Mutations in the SLC35C1 gene, contributing to significant differences in fucosylation patterns, may underlie the diverse phenotypic manifestations observed in leukocyte adhesion deficiency type II patients microbiology

Leukocyte adhesion deficiency II (LAD II, congenital disorder of glycosylation IIc, CDG-IIc) is a rare, autosomal recessive disorder that results in the absence of sialyl Lewis X (sLeX), a ligand essential for mediating the interactions between E- and P-selectins, on the surface of leukocytes. This deficiency impairs the initial tethering and rolling of neutrophils along the endothelial cell wall, ultimately contributing to an immunodeficient state. This condition is caused by a mutation in the SLC35C1 gene encoding the GDP-fucose transporter (SLC35C1, C1). The predominant clinical manifestations of LAD II encompass recurrent infections, dysmorphic features, diminished stature, and profound cognitive impairment (Wild et al., 2002). As of 2024, 19 cases of LAD II have been diagnosed. The hallmark characteristics observed in all patients included developmental delay and intellectual disability. It is crucial to underscore that despite mutations in the same gene, several symptoms exhibited notable variation among diagnosed individuals. For instance, leukocytosis was observed in 15 out of 19 cases, short stature in 17 out of 18 cases, and recurrent infections in 18 out of 19 individuals. Among the 12 patients with available blood group information, only 7 exhibited a Bombay blood type. It is a rare blood group type, characterized by the absence of α-1–2 fucose on the red cell membrane due to mutations in both the FUT1 and FUT2 genes, leading to inhibited expression of α-1,2-fucosyltransferases (Anso et al., 2023). Due to the lack of distinct and characteristic symptoms, genome sequencing of the suspected individual remains the primary diagnostic approach for identifying this condition. Treating individuals with LAD II poses a significant challenge due to the diversity of symptoms. So far, oral L-fucose supplementation seems to be the only treatment that has helped in some cases. Out of the 19 diagnosed individuals, seven received L-fucose treatment. Three of them showed improvement, especially in reducing leukocytosis (Hüllen et al., 2021; Etzioni et al., 1992; Marquardt et al., 1999a; Tahata et al., 2022; Hidalgo et al., 2003; Knapp et al., 2020; Etzioni et al., 2002; Helmus et al., 2006; Gazit et al., 2010).

In mammals, SLC35C1 is known as the main GDP-fucose transporter in the Golgi apparatus (Lübke et al., 2001, Lühn et al., 2001). Protein analysis shows that SLC35C1 has 10 transmembrane domains, and four of these (3, 4, 7, and 9) are highly conserved. Notably, domains 4 and 9 are characterized by high hydrophilicity (Lühn et al., 2001). When overexpressed in the HEK293T cell line, SLC35C1 protein exhibits Golgi localization, with both the N and C termini exposed to the cytosolic side. Additionally, studies have shown that the cytosolic C-terminus of SLC35C1 is essential for its transport activity, yet it does not influence the correct subcellular localization of the protein (Zhang et al., 2012).

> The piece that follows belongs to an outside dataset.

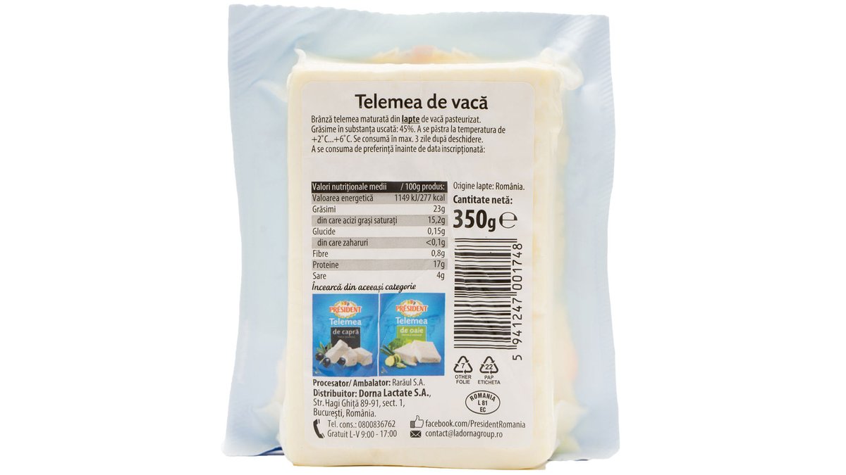 Telemea de vaca President, 350 g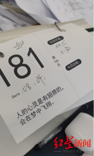 去年11月底,1996年出生的年轻设计师赵磊就曾在微信上和朋友表示,“想休息一阵,停下来,好好想想未来的路。都加了三年班了。”在一份工作日历上,他记下了自己当天的上下班时间,左上方他画了一只小鸟,日历配了文,“人的心灵是有翅膀的,会在梦中飞翔。”

This study aimed to investigate symptom variations in LAD II individuals by analyzing 11 mutations in the SLC35C1 gene using a human cell line. We generated HEK293T cell line variants expressing specific SLC35C1 mutations found in LAD II patients. Initially, we analyzed the subcellular localization of different transporter variants. By using our original method, we were able to calculate the percentage of core fucosylated N-glycans. Our research also marks the first characterization of O-glycans generated by modified SLC35C1 variants. Finally, we observed that all of the SLC35C1 variants positively responded to fucose treatment by increasing fucosylation.